Saying yes to life is not dissolving healthy boundaries or passive acceptance, but the embrace of fate as fuel for growth. (In this case I grew cold extremities and fodder for a newspaper column.) Leaders of the Double K Outing Club, Heidi and Jen are widely respected in the fields of wildlife conservation and climate education. When sweeping federal budget cuts eviscerated key environmental programs, Jen and Heidi lost staff, colleagues, collaborators and the daily momentum that fuels long-term change. Instead of crying in their cups, the Kretser Sisters rented a camper van and whisked their mom, Katrine, away on her first tour of southern Utah seeking solace in the red rock cathedrals guarded by lizards. Amor fati.

Farewell, dreams of love

Of course, saying yes isn’t always skiing or camping at Arches National park. You also say yes to uncertainty, aging and mental and physical illness.

Saranac Lake pioneered a radical health experiment long before wellness influencers peddled golden milk and cold plunges. Rooted in nourishment, deep rest and nature’s rhythms, patients combated the valedictorian of infectious diseases: tuberculosis. TB sacked pharaohs, felled the Bronts, and is still trending. Today, tuberculosis is completely curable — first, you need six months of medication, a stable home and a functioning and affordable health care system.

When E.L. Trudeau contracted tuberculosis in 1873, instead of folding like a card table, he dug in and headed to the wilds of the Adirondacks.

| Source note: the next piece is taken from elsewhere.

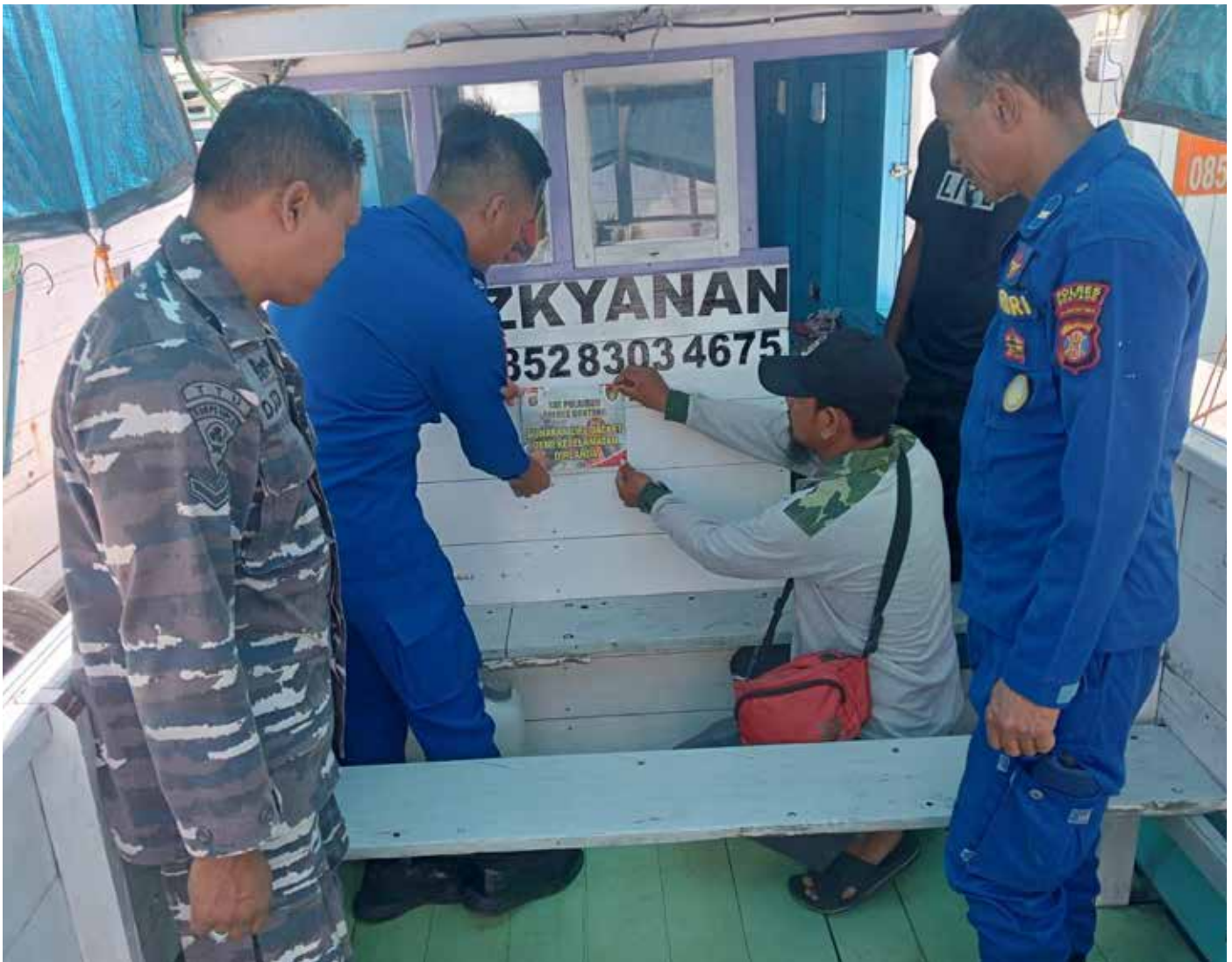
Polairud Bontang lakukan sosialisasi di Pelabuhan Tanjung Laut Indah, Bontang (Dok).

It’s a familiar story. Cold winters and fresh air offered the physician and patient a fragile truce as the “cure” brought respite.

E.L. Trudeau stayed, opening a sanatorium to treat economically disadvantaged patients and building laboratories. Trudeau encouraged medical collaboration, rallying other physicians — all while his own health deteriorated repeatedly. E.L. Trudeau didn’t just endure his fate — he turned it into a blueprint for purpose. That’s amor fati in action.

Collapse and creation are kissing cousins. To counter the despair of quarantine and chronic disease in the 1900s, Saranac Lake employed a holistic style of healing, embracing the arts and human connection as medicine. Amidst the running of midnight trains and repeated relapses, patients wrote plays, staged musicals, printed newspapers and championed the resilient optimism of Trotty Veck. This wasn’t toxic positivity — it was survival.

Examples of amor fati teched in neon. Amor fati stood with the eight musicians on the Titanic, who met doom with song. It is with octogenarian newlyweds. It’s why Zacharia Mutai held Sudan, the last northern white rhino, as he lay dying. The antidote to despair isn’t retreat — it’s engagement.

Jen and Heidi Kretser fly the amor fati banner high. They say yes to bushwhacking, yes (reluctantly) to bureaucratic upheaval, and yes to the raw, imperfect, awe-filled present. E.L. Trudeau didn’t curl up and give up; he showed up for himself first, and then thousands of patients.

Saying yes starts small: take the trip. The little yeses are training. They get you in shape for the big stuff: grief, failure, MRIs. The same voice that crowbars you from delicious flannel sheets, also incessantly chants forward when life turns to mush.

Nietzsche called it amor fati; I call it saying yes with sandwiches.